● **WORK ORDER**
Write the records below out again exactly as given, with no images.

RECORDS SHOWN: Begin

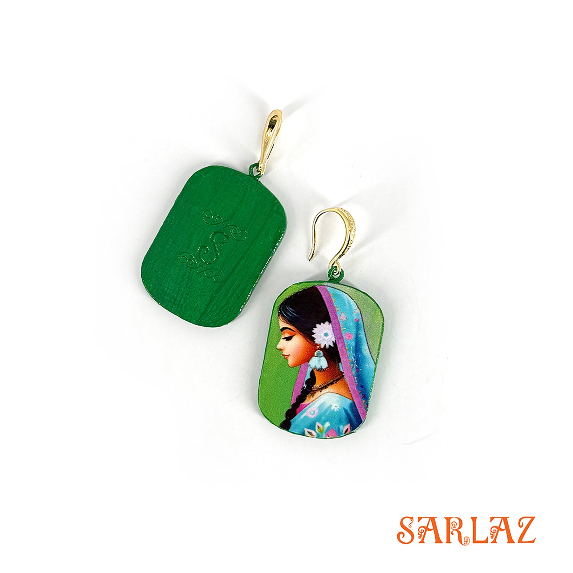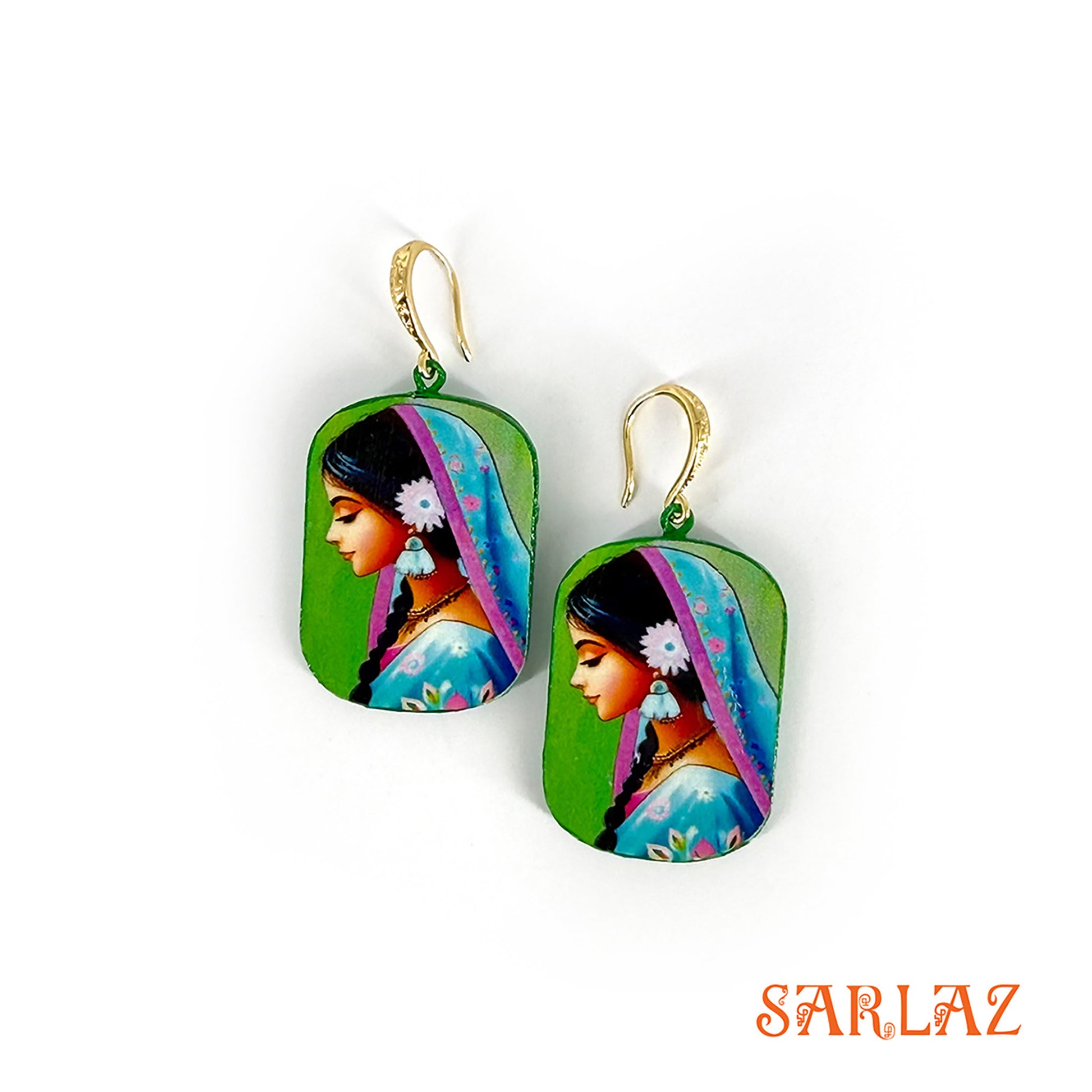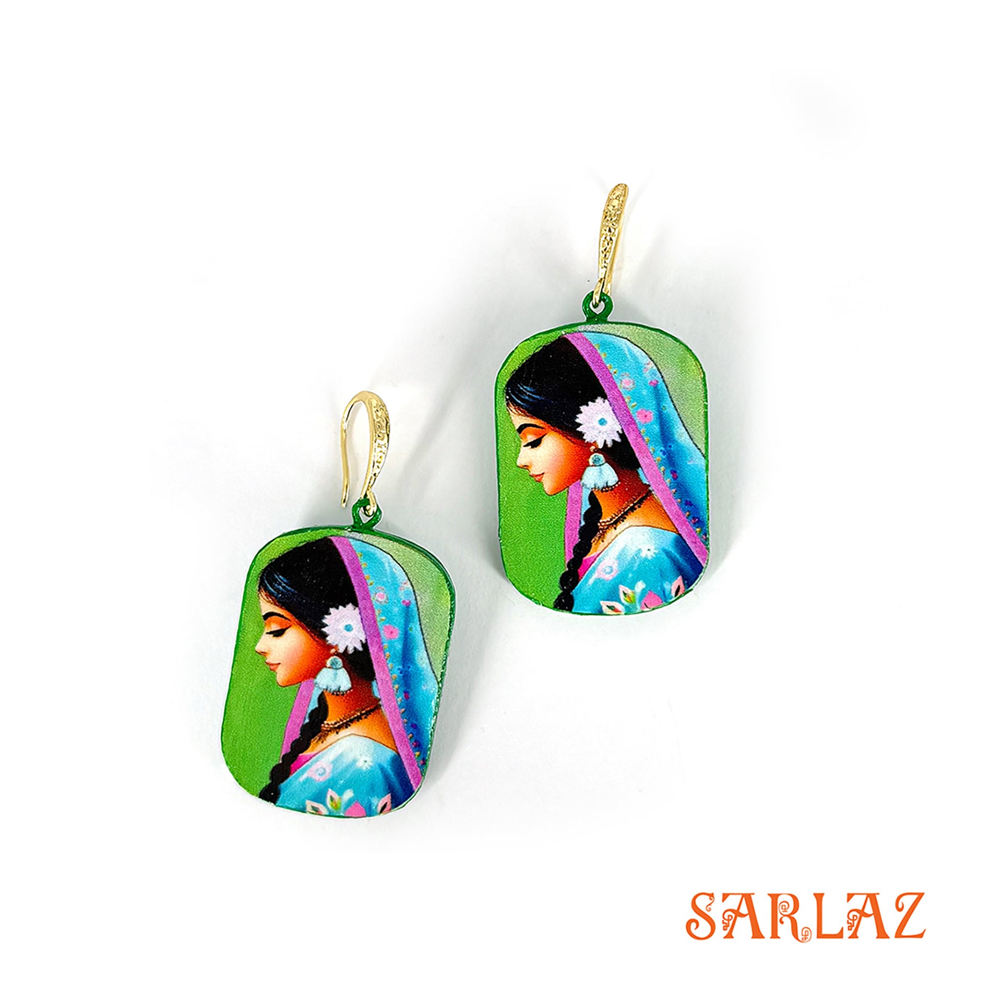 This design carries a rare calm in this portrait—the kind that doesn’t ask to be noticed, yet is so compelling it makes you intrigued. A woman draped in her shawl, her tassel earrings bold, her gaze lowered—it feels less like portraiture and more like a state of being. There’s composure here, but also a quiet spark that makes the stillness radiant.
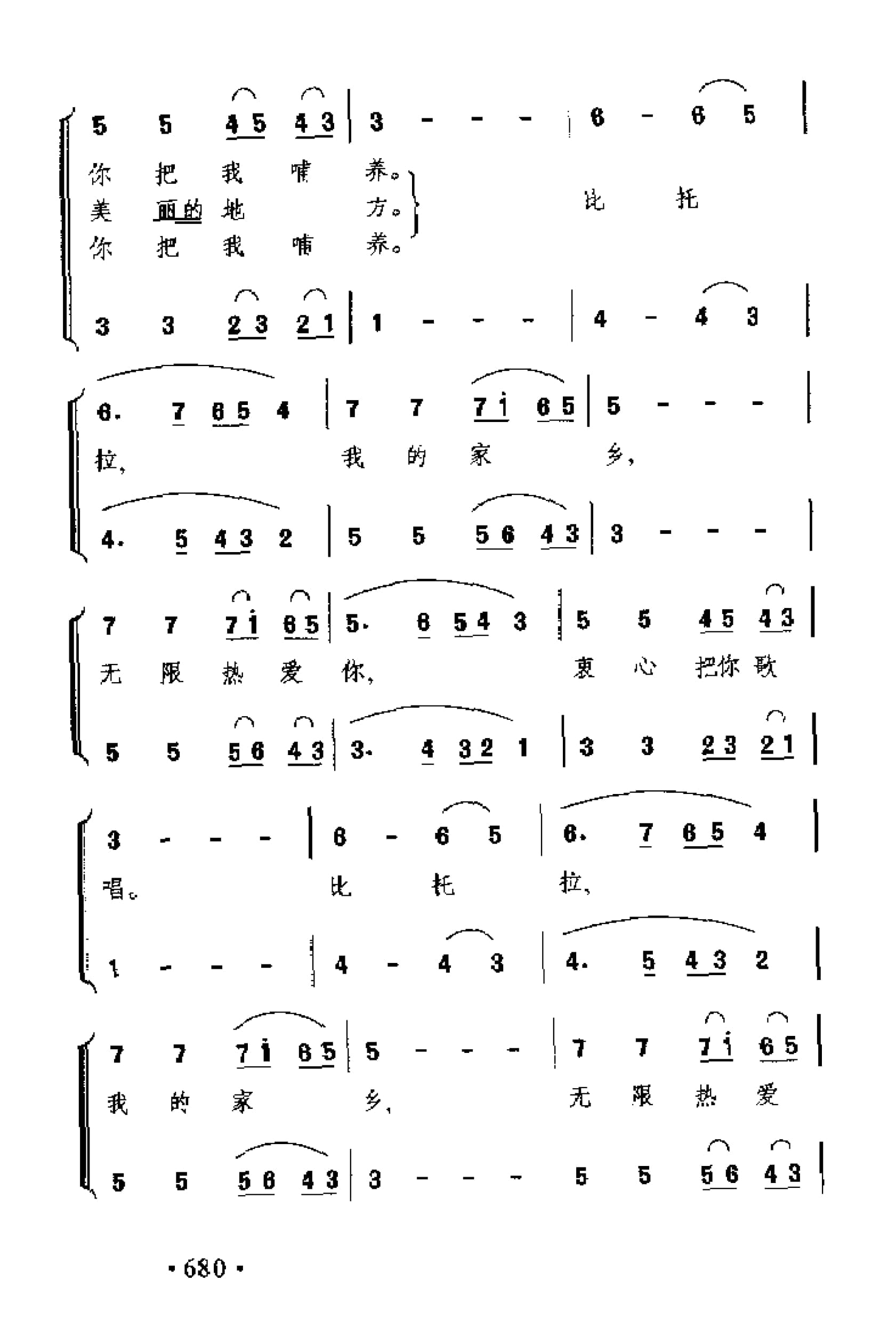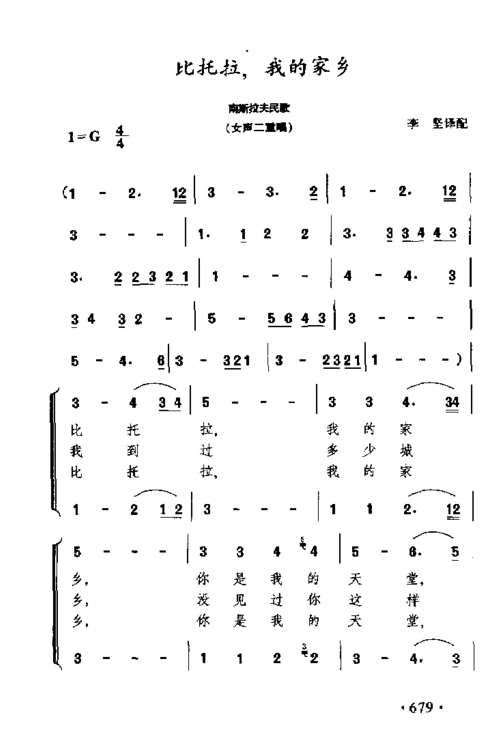 名称:外国民间歌曲简谱:比托拉,我的家乡 南斯拉夫民歌
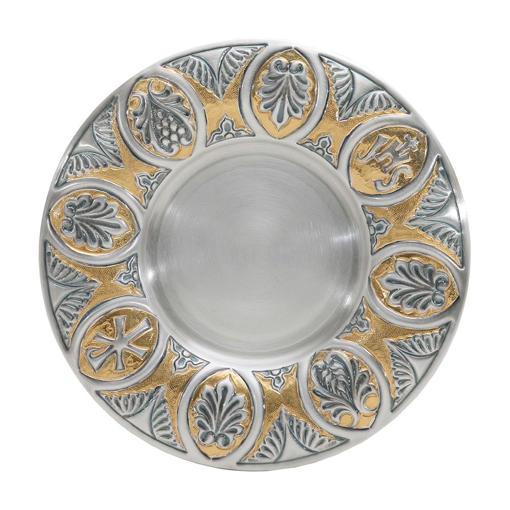 Patena in metallo finemente cesellata. Materiale ottone con finiture oro e argento. Il diametro della patena è 18,5 cm.
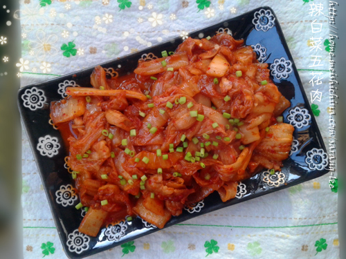 辣白菜五花肉(배추김치삼겹살볶음),是很家常的一道菜,做法简便,味道酸辣微甜,食欲不振的时候吃,很开胃~另外还解决了家里剩下的过酸辣白菜的问题^^~真是一举两得啊!
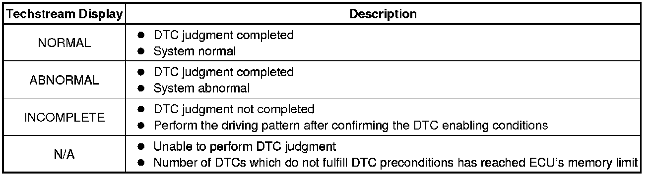 * With "ALL READINESS", you can check whether or not the DTC judgment has been completed by using the Techstream.
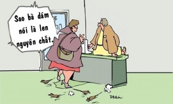 - Hôm qua tôi mua ở đây một cái chăn, bà nói là làm từ len nguyên chất. Về đến nhà tôi mới phát hiện bà đã lừa đảo.
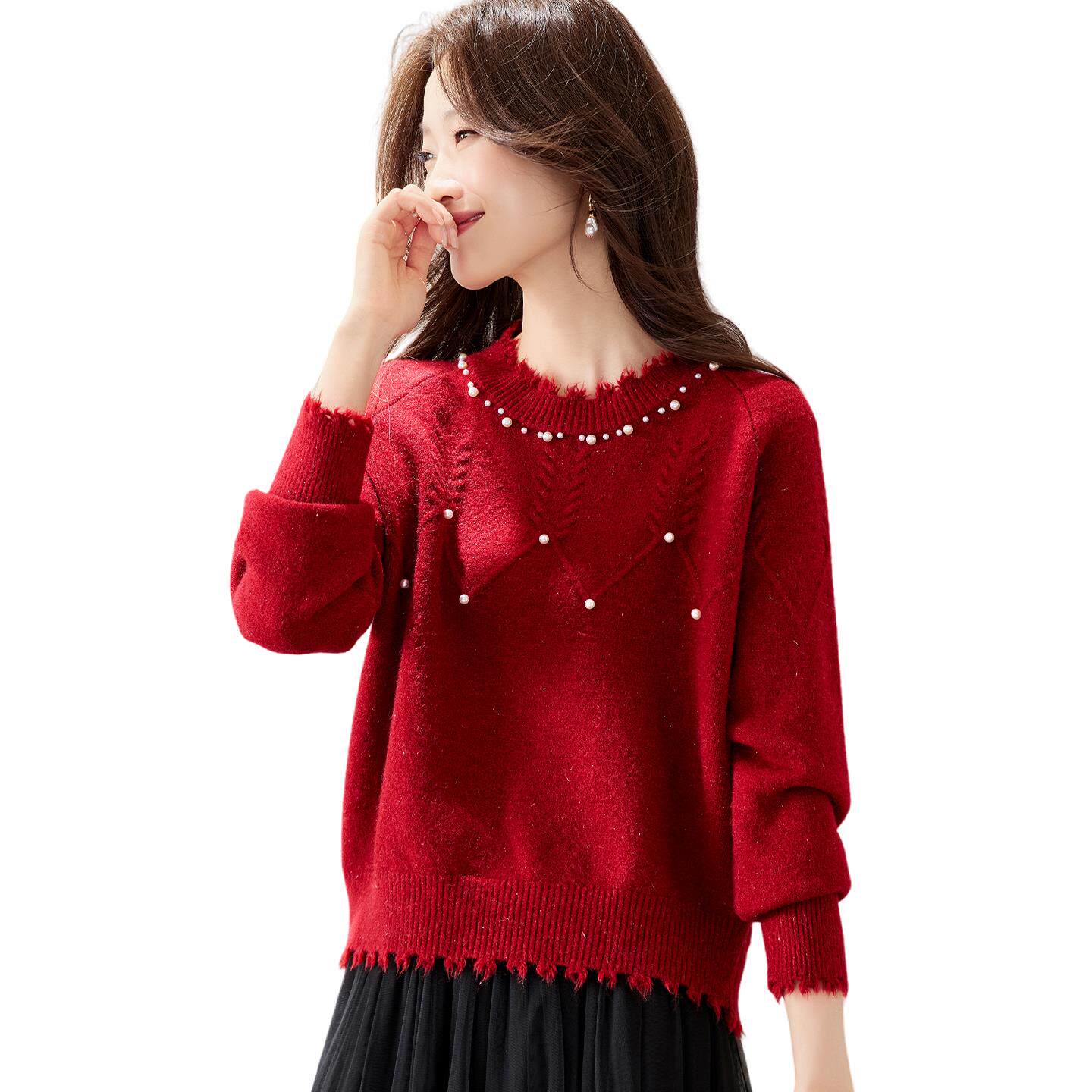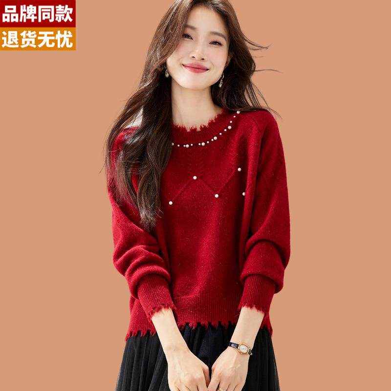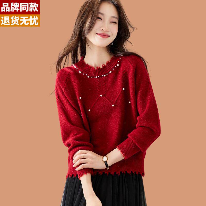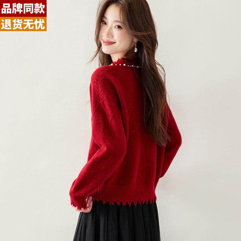 📚 氛围感红色钉珠毛衣女秋冬可外穿2025新款短款内搭羊毛针织打底衫
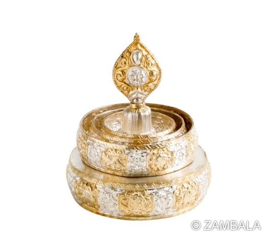 The mandala plate is mainly an offering instrument for the Tibetan Vajrayana Tantric Dharma. It is used to quickly gather the Buddha's material path and increase the merits and wisdom of the world. Generally, it is usually fixed on the mandala. During the Dharma meeting or when practicing the four preliminaries, the mandala offering method can be performed. The mandala is usually equipped with seven treasures and eight treasures, various jewelry, treasures or rice for the guru, Buddhas, Bodhisattvas, deities, protectors, dakinis and their families. The merits of this offering can quickly accumulate wealth and blessings, making the practice of Dharma smooth and hassle-free. Dedicate all sentient beings in the Dharma Realm to receive blessings and empowerments from Buddhas and Bodhisattvas, and receive blessings and empowerments. Together, we can gain merits and benefits, eliminate karmic obstacles, and achieve happiness. Wisdom growth is a commonly used instrument for those who practice tantric dharma.
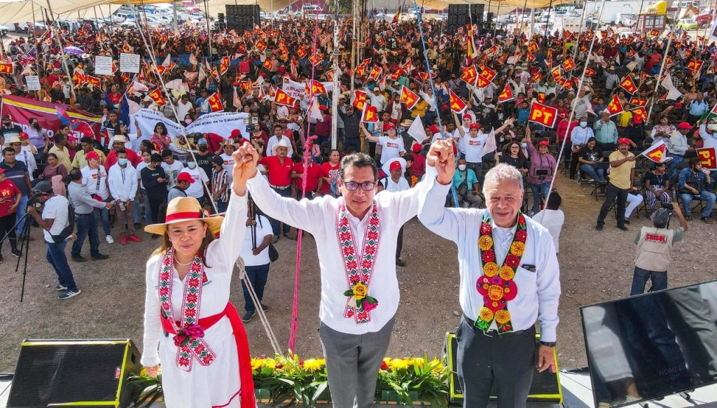 Por otro lado, cabe señalar que este acto político inicio con la marcha de la lealtad, encabezada por el diputado federal por el Partido del Trabajo (PT), Wences Real, del punto ubicado Frente al Hospital general, donde se congregaron contingentes procedentes de los 19 municipios que conforman la región montaña, quienes portaron con orgullo la bandera del PT, acompañados de sus respectivas bandas de música de viento y danzas regionales.

RECORDS SHOWN: End

● **RESULT FOR THIS TASK**
 This design carries a rare calm in this portrait—the kind that doesn’t ask to be noticed, yet is so compelling it makes you intrigued. A woman draped in her shawl, her tassel earrings bold, her gaze lowered—it feels less like portraiture and more like a state of being. There’s composure here, but also a quiet spark that makes the stillness radiant.
 名称:外国民间歌曲简谱:比托拉,我的家乡 南斯拉夫民歌
 Patena in metallo finemente cesellata. Materiale ottone con finiture oro e argento. Il diametro della patena è 18,5 cm.
 辣白菜五花肉(배추김치삼겹살볶음),是很家常的一道菜,做法简便,味道酸辣微甜,食欲不振的时候吃,很开胃~另外还解决了家里剩下的过酸辣白菜的问题^^~真是一举两得啊!
 * With "ALL READINESS", you can check whether or not the DTC judgment has been completed by using the Techstream.
 - Hôm qua tôi mua ở đây một cái chăn, bà nói là làm từ len nguyên chất. Về đến nhà tôi mới phát hiện bà đã lừa đảo.
 📚 氛围感红色钉珠毛衣女秋冬可外穿2025新款短款内搭羊毛针织打底衫
 The mandala plate is mainly an offering instrument for the Tibetan Vajrayana Tantric Dharma. It is used to quickly gather the Buddha's material path and increase the merits and wisdom of the world. Generally, it is usually fixed on the mandala. During the Dharma meeting or when practicing the four preliminaries, the mandala offering method can be performed. The mandala is usually equipped with seven treasures and eight treasures, various jewelry, treasures or rice for the guru, Buddhas, Bodhisattvas, deities, protectors, dakinis and their families. The merits of this offering can quickly accumulate wealth and blessings, making the practice of Dharma smooth and hassle-free. Dedicate all sentient beings in the Dharma Realm to receive blessings and empowerments from Buddhas and Bodhisattvas, and receive blessings and empowerments. Together, we can gain merits and benefits, eliminate karmic obstacles, and achieve happiness. Wisdom growth is a commonly used instrument for those who practice tantric dharma.
 Por otro lado, cabe señalar que este acto político inicio con la marcha de la lealtad, encabezada por el diputado federal por el Partido del Trabajo (PT), Wences Real, del punto ubicado Frente al Hospital general, donde se congregaron contingentes procedentes de los 19 municipios que conforman la región montaña, quienes portaron con orgullo la bandera del PT, acompañados de sus respectivas bandas de música de viento y danzas regionales.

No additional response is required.